Simply stated, laws are the rules we live by which will be enforced by state power. This is done by court orders directing that individuals be imprisoned, or otherwise punished, in criminal cases or have their money and property taken from them to satisfy civil judgments such as the awarding of money for harm they have caused to others. Courts and the law work most effectively when people have a very high level of trust in law makers, law enforcement and the courts to do the right thing. This section will focus on issues that show how difficult it can be to use the law to “do the right thing” in the real world.
It is often said that “justice delayed is justice denied”. While the courts and law enforcement have never operated as quickly as some might like, others prefer to postpone the day of judgment for as long as possible. Delay can be a winning strategy in a case otherwise bound to lose. There are virtually no consequences that may fall on the party creating and benefiting from delay in the judicial process today.

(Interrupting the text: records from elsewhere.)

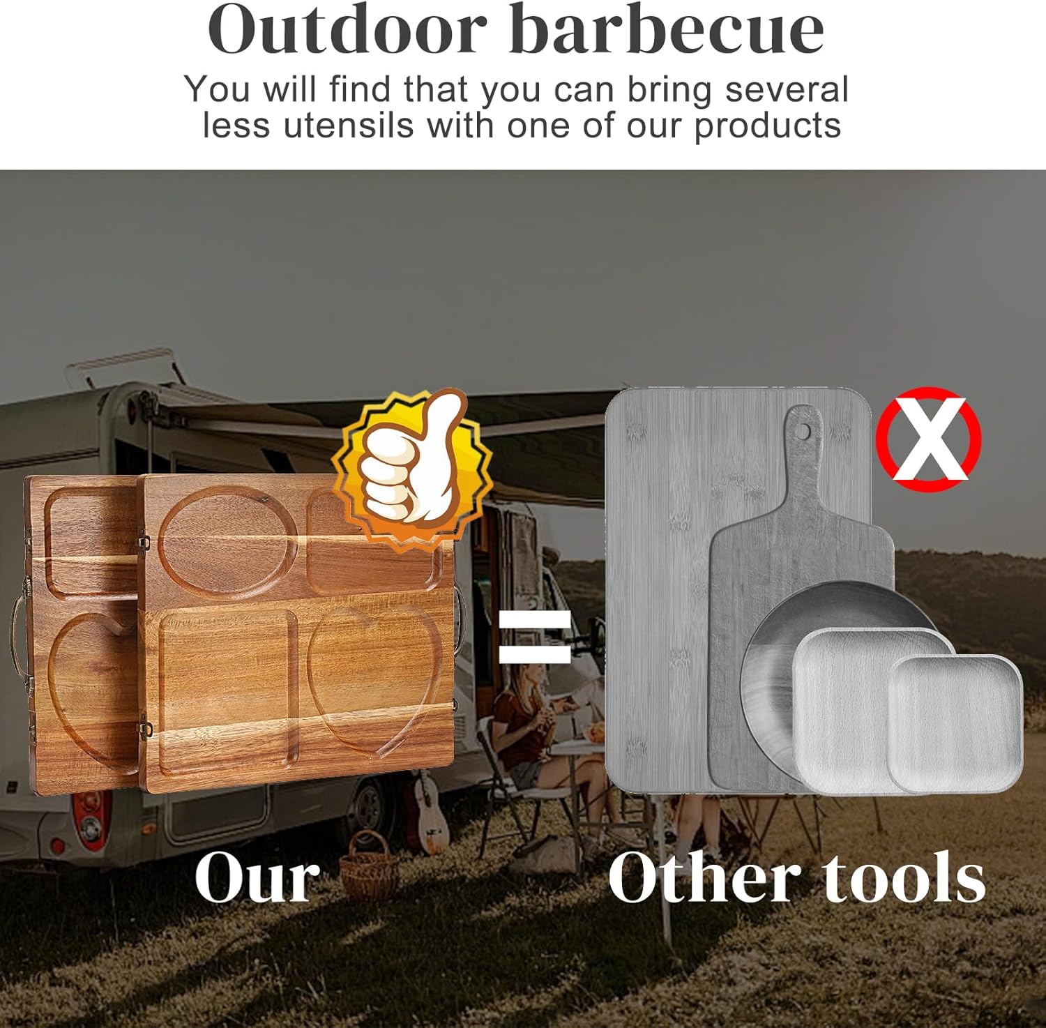 - Dual-Purpose Design:You get 2 pieces serving tray with handles, also 2 pieces cutting board, this serving trays for party can not only be used as party supplies for entertaining guests at banquets or party even go out camping but also as 2 pieces cutting boards for kitchen.
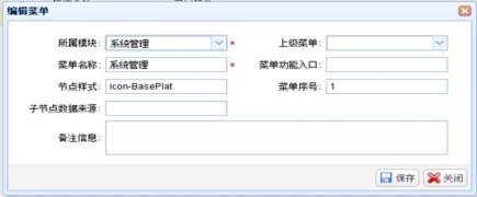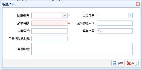 点击“新建”按钮,弹出“新增菜单”窗口,输入菜单信息后,点击“保存”按钮进行保存。
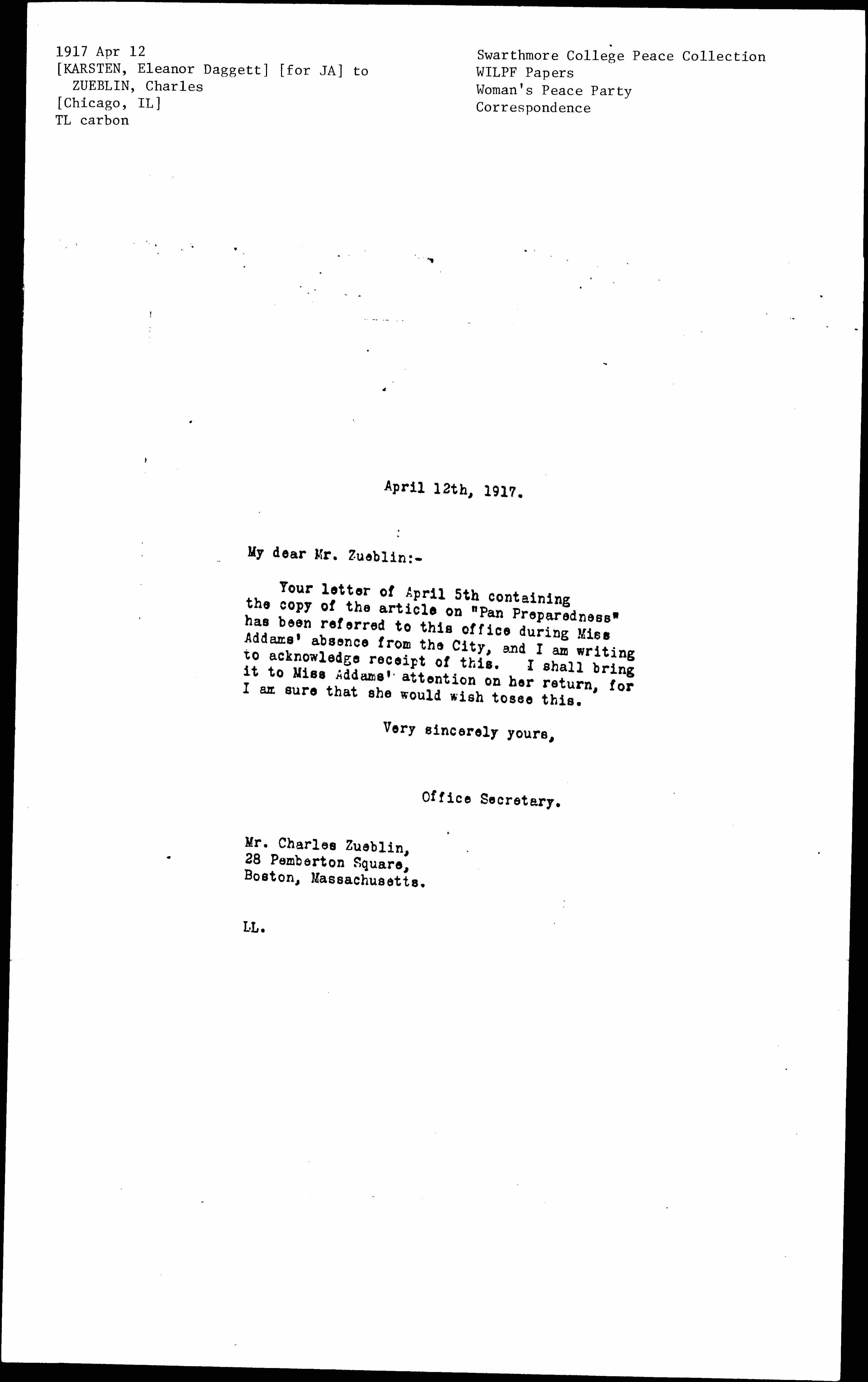 Your letter of April 5th containing the copy of the article on "Pan Preparedness" has been referred to this office during Miss Addams' absence from the City, and I am writing to acknowledge receipt of this. I shall bring it to Miss Addams' attention on her return, for I am sure that she would wish to see this.
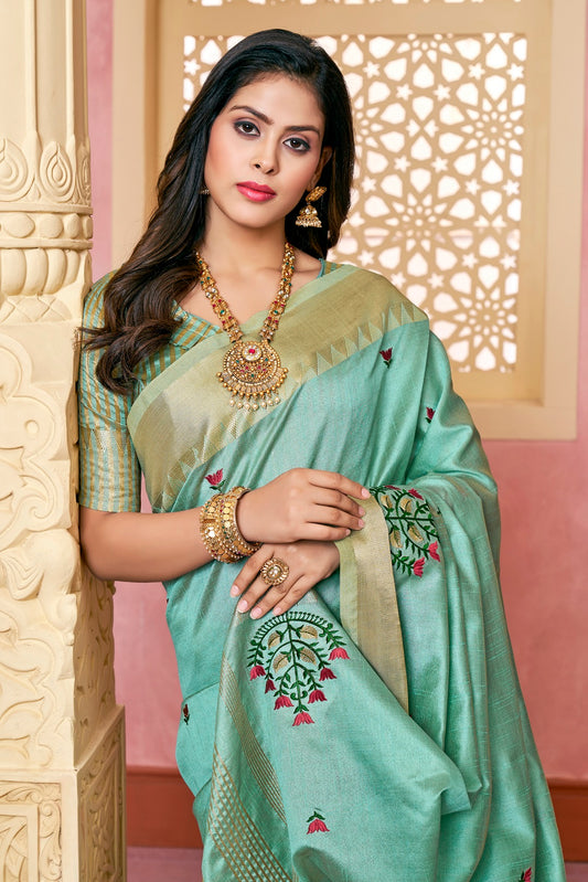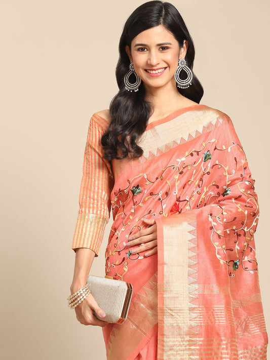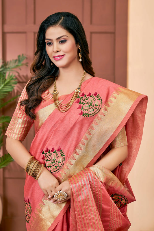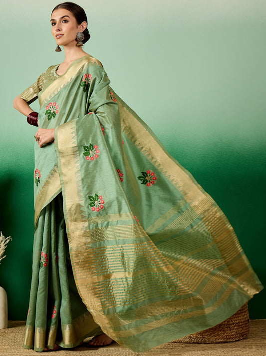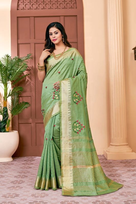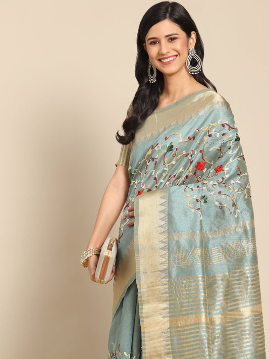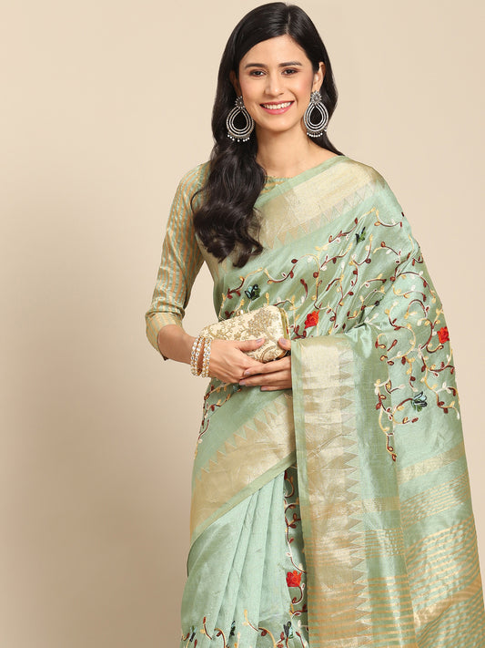 Dhiyona RV Women's Graceful Linen Cotton Saree with Elegant Thread Embroidery With Blouse ( KVD1916 )
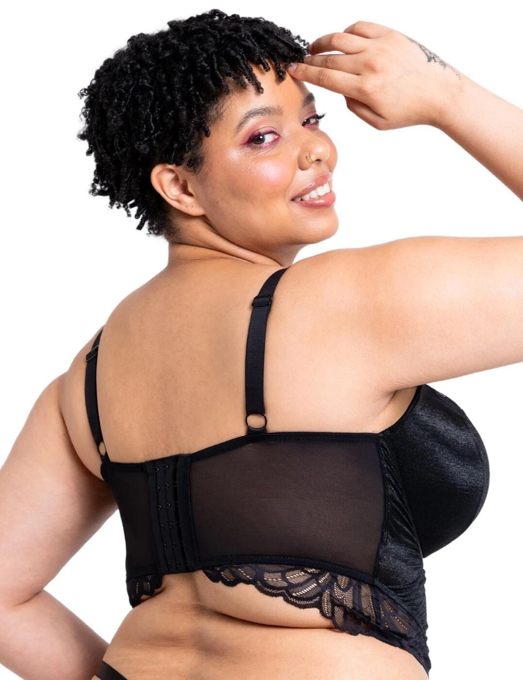 Indulge yourself in the elegant designs of the Boost Bomshell padded balcony longline bra by Curvy Kate. Featuring a lightly padded balcony neckline with a stretch lace top, this is the perfect choice for women who love the more glamorous things in life. At the centre of the bra is a keyhole detail for a lighter look with a small silver charm to add a dash of class to this gorgeous ensemble. Furthermore, a subtle shimmer covers the cups and lace creating a velvet appearance and stretch lace panels which hug your waist to a flattering effect. Matching coordinates are available from the Boost Bomshell line to complete the look.
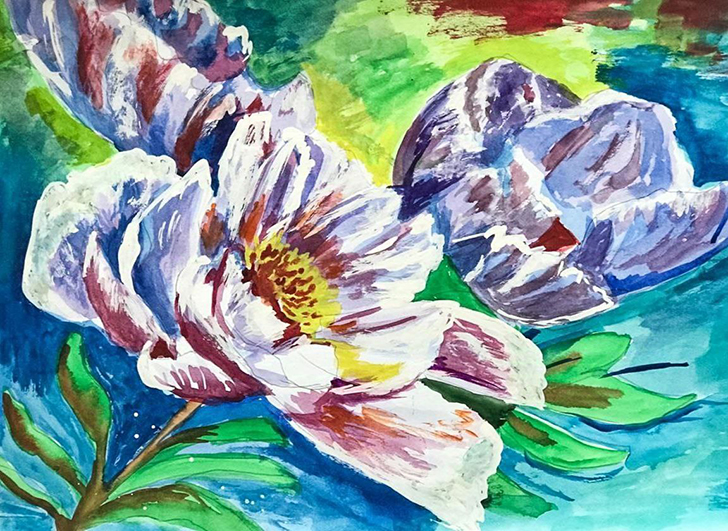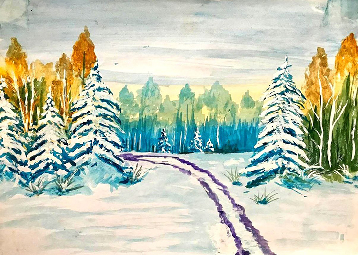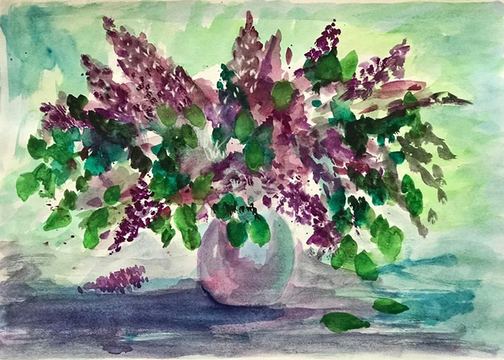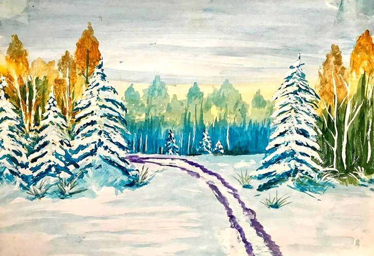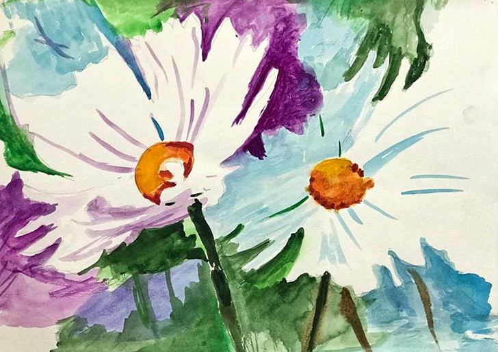В арсенале Екатерины – карандаши, акварель, гуашь и нейлоновые кисти. Ее любимые мотивы – это завораживающие пейзажи родной местности и яркие цветы, которые она с энтузиазмом рисует, вдохновляясь их богатым разнообразием в мамином саду. Новые идеи приходят и во время прогулок по лесным тропинкам и городским улицам.
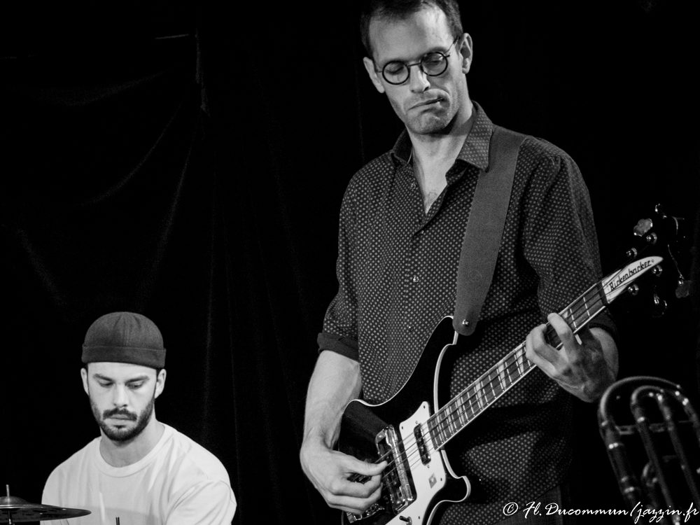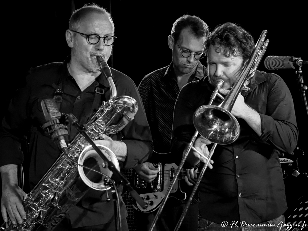 Jeudi 11 novembre, un grand choc m’attendait avec le trio du tromboniste suisse Samuel Blaser entouré du guitariste Marc Ducret et du batteur danois Peter Bruun. Un trio encore inattendu comme la semaine dernière qui s’est « débarrassé » de la contrebasse jugée trop encombrante dixit Blaser. Tous trois sont des ovnis surdoués et originaux qui chacun de leur côté ont su imposer leur marque très vite. Que dire alors de la somme des trois qui démultiplie les possibilités? Il faut déjà écouter « Les 18 Monologues Élastiques » du tromboniste pour saisir le champ d’action de ce musicien capable de toute expression avec cet instrument. Nourri aux scènes new-yorkaises et berlinoises, le tromboniste est revenu en Suisse et l’année 2020 a pour lui été une année prolifique avec pas moins de six disques. Le trio existe depuis 2013, enchainant les concerts sur toutes les scènes internationales et le public sait la chance qu’il a d’avoir devant lui ces fabuleux musiciens! Le disque « Taktlos Zurich 2017 » est joué principalement ce soir, les compositions étant de chacun, sauf une écrite à partir de la très courte « Fanfare for a new Théâtre » d’Igor Stravinsky écrite en 1964 durant 40 secondes et qui là est étirée à l’envie avec bonheur. Nous entendrons aussi deux compositions du très beau disque plus récent « Voyageurs » sorti ce mois d’octobre où Samuel Blaser est en duo avec Marc Ducret: « Des États Lumineux » signé par ce dernier et « Morse » ainsi qu’un joli lied traditionnel remixé à la sauce Blaser « Vreneli ab em Guggensberg« , et « Six » puis « It Began to get Dark » d’autres disques. Rappel très demandé sur « Held » (un des six disques du trio en 2020). Les trois musiciens se connaissent par cœur et jouent dans l’intensité, regards et gestes symbiotiques, le batteur faisant le trait d’union parfait entre deux gros félins qui gémissent ou feulent, se renvoyant la balle dans une connivence incroyable avec d’intenses moments de grâce. Alors, oui, c’est une musique difficile d’accès! Mais le lâcher-prise fait s’ouvrir les portes d’une félicité rare et on comprend l’ascension irrésistible de ces merveilleux musiciens!
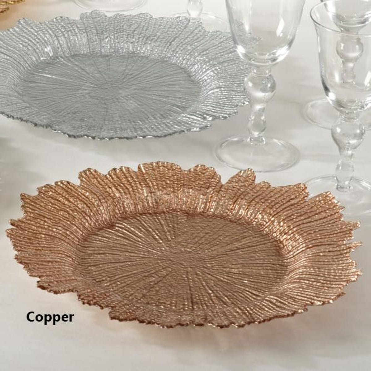 Flower Design Glass Charger Cooper
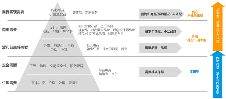 从马斯洛的需求层次考虑,消费者已从初期的只关注产品的基本功能性需求及交易安全便利性,到现在更多的关注产品品质、设计、分享、互动,跨越到了对产品个性化、高品质的需求,由基本物质需求型进入情感生活方式型。
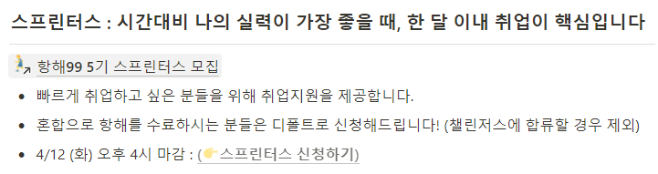 스프린터스 지원완료하였습니다. 챌린저스를 고려해보지 않은건 아니지만, 실질적으로 본인의 집중도가 한계에 달했다는 판단이 들어서 우선 취업에 집중해보기로 결정하였습니다. 취업 후 업무를 배우며 부족한 부분을 공부하고 싶은게 현재 바램입니다.
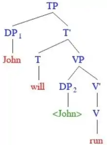 In order to satisfy the EPP we must move the DP John into spec TP, to allow for the TP subject to be filled[6] By moving the DP we are altering the sentence making it John will Run. The EPP will now be satisfied as the DP John is now in the subject position of the TP.[4]
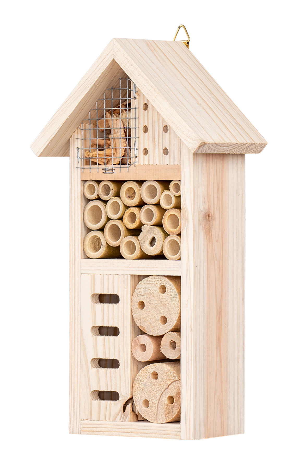 Das Insektenhotel bietet fleißigen Helfern wie Bienen, Wespen, Käfern und Schmetterlingen einen sicheren Unterschlupf. Es ist aus robustem Tannenholz gefertigt und in einer natürlichen Farbe gehalten, sodass es sich harmonisch in jeden Garten einfügt.
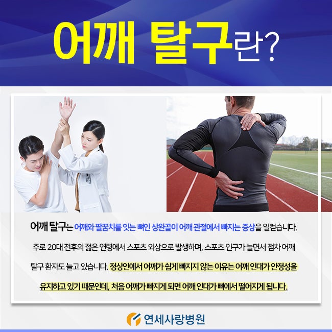 누구에게나 생길 수 있는 일인 탈구는 뼈가 약한 신생아에게 쉽게 일어나기도 하고 갑작스러운 자극을 받은 사람에게 발생할 수도 있습니다. 이를 방지하기 위해 꾸준한 운동으로 튼튼한 뼈와 근육을 만드시고 무언가를 하기 전에 다치지 않게 충부난 스트레칭을 필수로 해주시길 바랍니다!
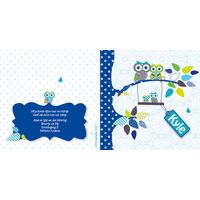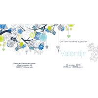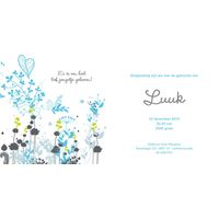 Geboortekaartje illustratief vlinders uilen oceaanblauw
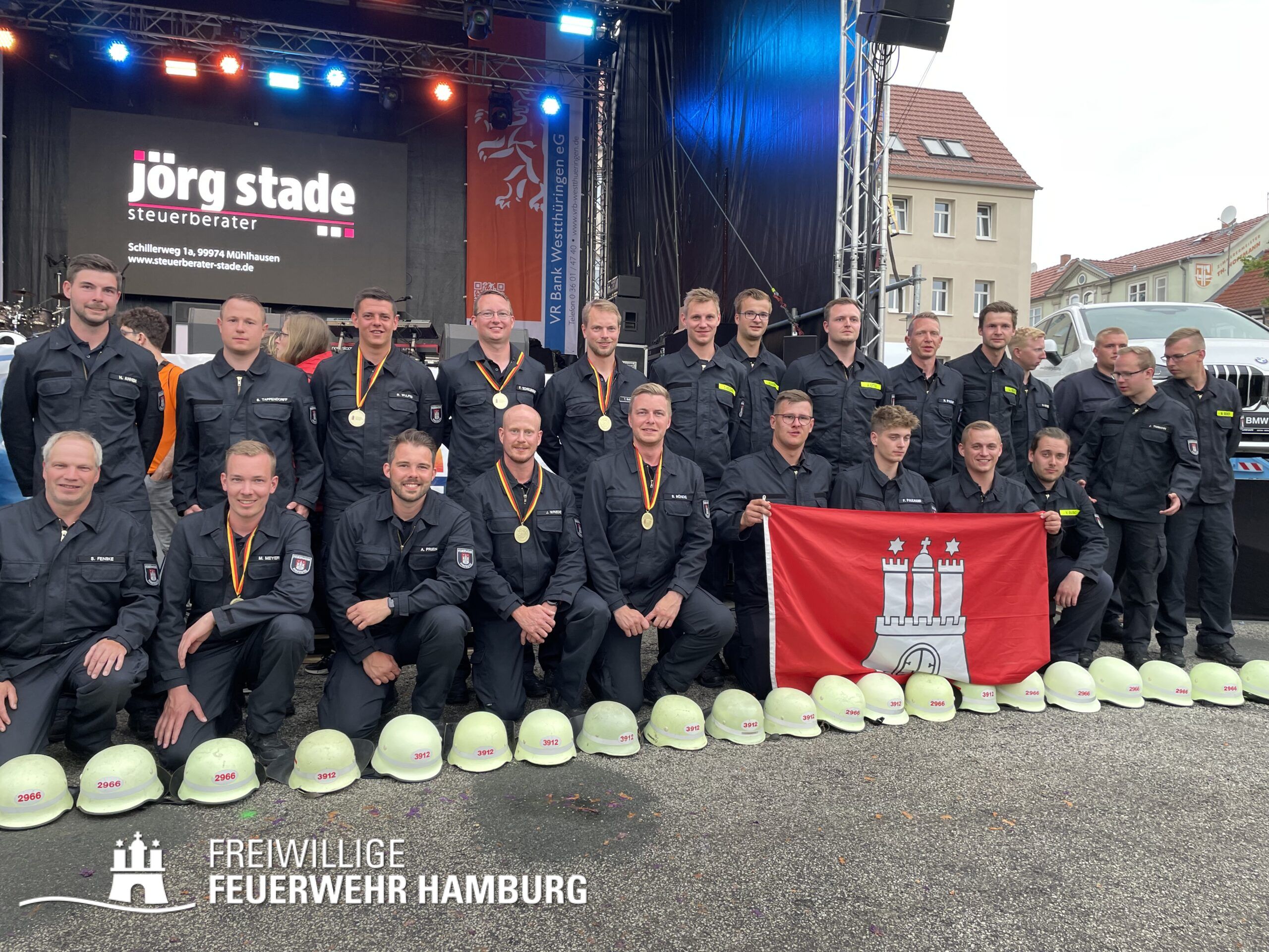 Erstmals in der Geschichte der seit 1961 ausgetragenen Wettkämpfe konnten sich Mannschaften aus Hamburg für die Teilnahme an einer Olympiade qualifizieren (Wir berichteten bereits am 10. Juni darüber). Im Bereich Freiwillige Feuerwehren A (Feuerwehr Herren ohne Alterspunkte) konnten sich dort nicht nur eine, sondern mit den Feuerwehren aus Hamburg Spadenland und Hamburg Moorwerder, gleich zwei Wehren einen der sieben heiß umkämpften Startplätze in ihrer Wertungsklasse sichern (Moorwerder 5.; Spadenland 6. von 30 teilnehmenden Mannschaften aus dem gesamten Bundesgebiet).

There are ways of moving cases forward far more quickly than the legal process permits. Major commercial disputes are usually resolved in private arbitrations which can be finalized quickly to meet the needs of the business interests involved in the dispute. However, there is little that can be done to speed up the civil litigation process in Canada when the party being sued wants to create delay because that party has no viable defense. Even when a matter has been adjudicated upon by a court following a trial, various appeals are usually available which can easily consume several more years even when the appeal has no merit.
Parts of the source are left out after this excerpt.